Jaime King On Why 'Bitch' — The Sundance Movie About A Woman Who Thinks She's A Dog — Is Actually Universally Relatable
If I told you that while watching a film about a woman who thinks she's a dog might make you reflect on your own life, you'd probably think I worked for the marketing department at a major movie studio releasing some new, zany kids movie, in which a big name actress plays a mom who finds out what it's like to be the family pet. However, Marianna Palka's Bitch, inspired by a real life case study of a woman who behaved as if she was a wild dog, couldn't be further from that. And according to Jaime King, one of the stars of the film, this outlandish story is actually steeped in emotions that are completely universal.

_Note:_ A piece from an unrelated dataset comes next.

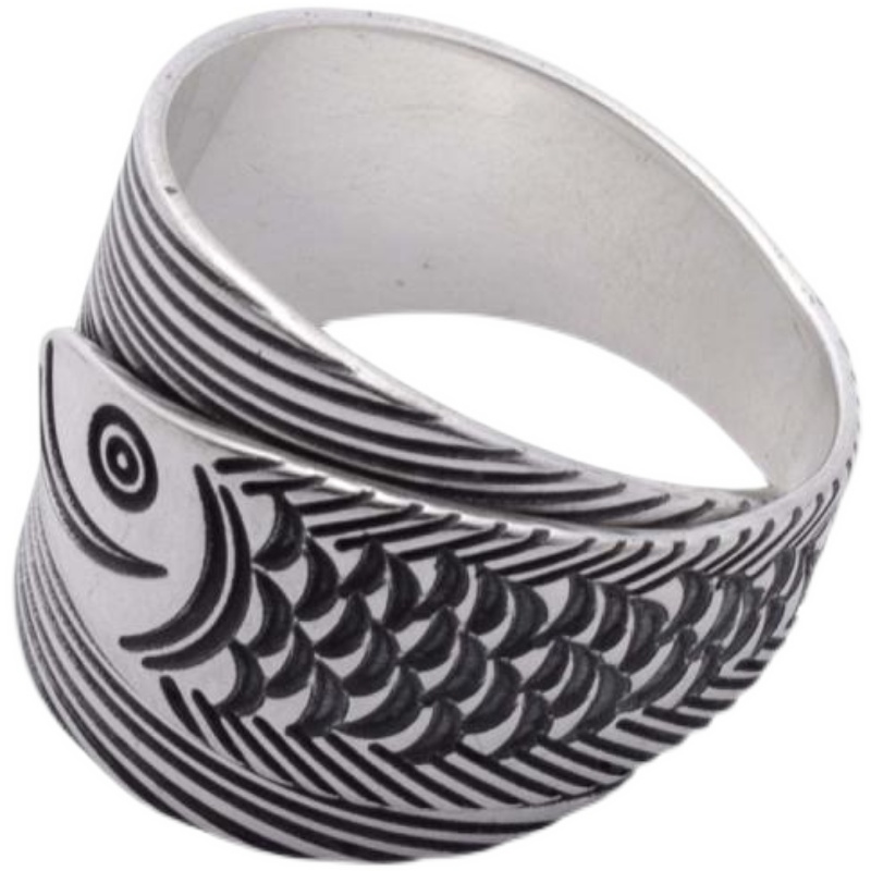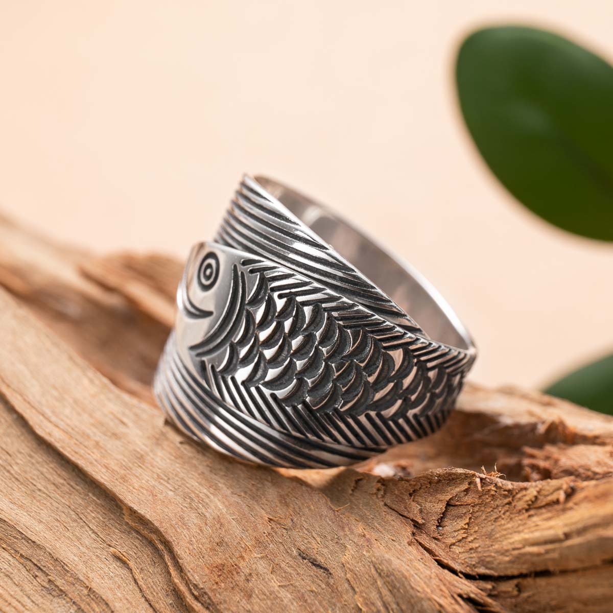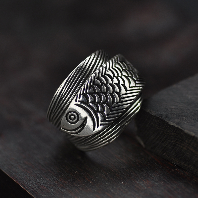 复古泰银富贵发财鱼戒指活口男女宽版转运招财戒民族风饰品日韩版

"I really understood [the film] because probably my greatest fear that I still have to this very day, that sometimes it will just pop up in my brain and I’ll think 'Oh my god, what if I never really manifest my dream," she says, sitting on a cozy couch in one of the Sundance Festival's many press lounges on a snowy Sunday.
While the main character of Bitch, Jill (Palka), isn't reaching for anything quite like King's career as an actress, she does seem to feel fear of never achieving happiness. The kind of pain that accompanies that fear of not getting what you want in life is what makes the film so universal, according to King.
"There’s so much that you want to connect to and when you’re not connecting on that level it’s really painful," adds King. "... I have friends that never get what I think that they deserve as far as roles or ways to show their gifts, that have that pain. And I think accountants get that pain and housewives get that pain and we all experience the same pain ... it’s different because it looks different on the outside, but I think it really feels similar on the inside."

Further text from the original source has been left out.